Almira melirik ke arah Wisnu yang menatapnya sangat teduh dan datar, bahkan wajahnya nampak sangat berkharisma sekali di mata Almira.


“Saya … akan memikirkannya dulu, Pak,” jawab Almira kemudian.


“Kalian berdua sudah kenal dekat 'kan?” tanya Pak RT bingung kenapa sepertinya Wisnu seperti mau di tolak.


“Justru karena ingin kenal lebih dekat, saya melamarnya, Pak,” jawab Wisnu sopan membuat suasana menjadi ramai penuh tawa, mereka merasa sikap Wisnu begitu mengagumkan.


“Kamu ini bisa saja, Nak Wisnu,” sahut yang lain terkekeh.


“Saya hanya berani memandang dan berkenalan saja, bukankah akan lebih baik saya melamarnya, menikahinya jadi tidak ada batasan lagi untuk mendekatinya secara lebih pribadi?” lontar Wisnu segera diberi gemuruh tawa semua orang.

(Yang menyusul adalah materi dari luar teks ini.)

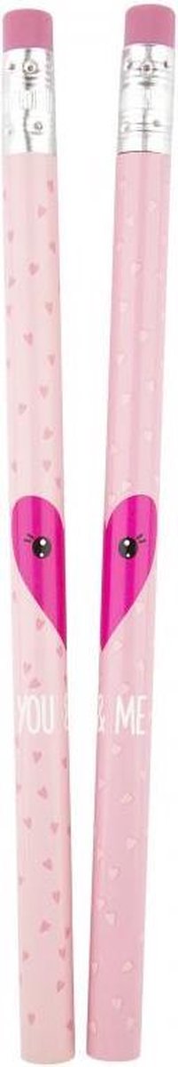 Het leukste is het toch om te delen met je beste vriendin - zelfs je potloden. Twee BFF potloden HB (dikte Ø 10 mm) met gumtopper in een transparant tasje, potlood met hart, tasje met print.
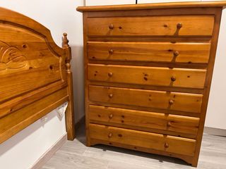 Mueble de estilo provenzal con varios cajones. - Diseño clásico y elegante. - Acabado en madera natural. - Ideal para almacenar objetos. - Medidas 107 ancho 113 alto 45 profundidad El espejo a juego también está en venta -Tiene marcas de uso

Almira semakin menunduk tersipu karena ditepuk pundaknya beberapa kali oleh salah seorang tetangga yang duduk di sampingnya. Mereka merasa salut pada Almira karena bisa mendapat perlakuan istimewa seperti itu dari pria tampan dan sopan dari kota.


“Ayo, Nak Ira. Masa dilamar pemuda ganteng sopan begini masih dipikir-pikir dulu?” goda ibu tetangganya mendorong lembut pundak Almira membuat gadis itu menoleh ke arah Wisnu dengan lirikan canggung bercampur kesal.


Kenapa pandai sekali dia bicara hingga bisa mengambil hati semua orang? Orang tuaku juga … menyebalkan. Pria reseh.


Almira bersungut dan menggerutu dalam hati. Dirinya masih menyimpan rasa tidak suka pada sosok Wisnu bagaimanapun pria itu mencoba bersikap tanggung jawab pada ulahnya.


“Bisa tidak, saya berbicara berdua bersama Ira?” ujar Wisnu meminta ijin kepada Pak RT dan ayahnya Almira. Dengan wajah menampakkan penolakan Almira membulatkan kedua bola matanya dengan gelengan kecil ke arah Wisnu yang memandangnya dengan senyuman.


Wah, senyumnya menyebalkan.


“Silahkan saja, di teras samping ada kursi yang bisa kalian gunakan untuk mengobrol sebentar. Tapi ingat, hanya mengobrol saja,” seloroh Ayah Almira memberi ijin.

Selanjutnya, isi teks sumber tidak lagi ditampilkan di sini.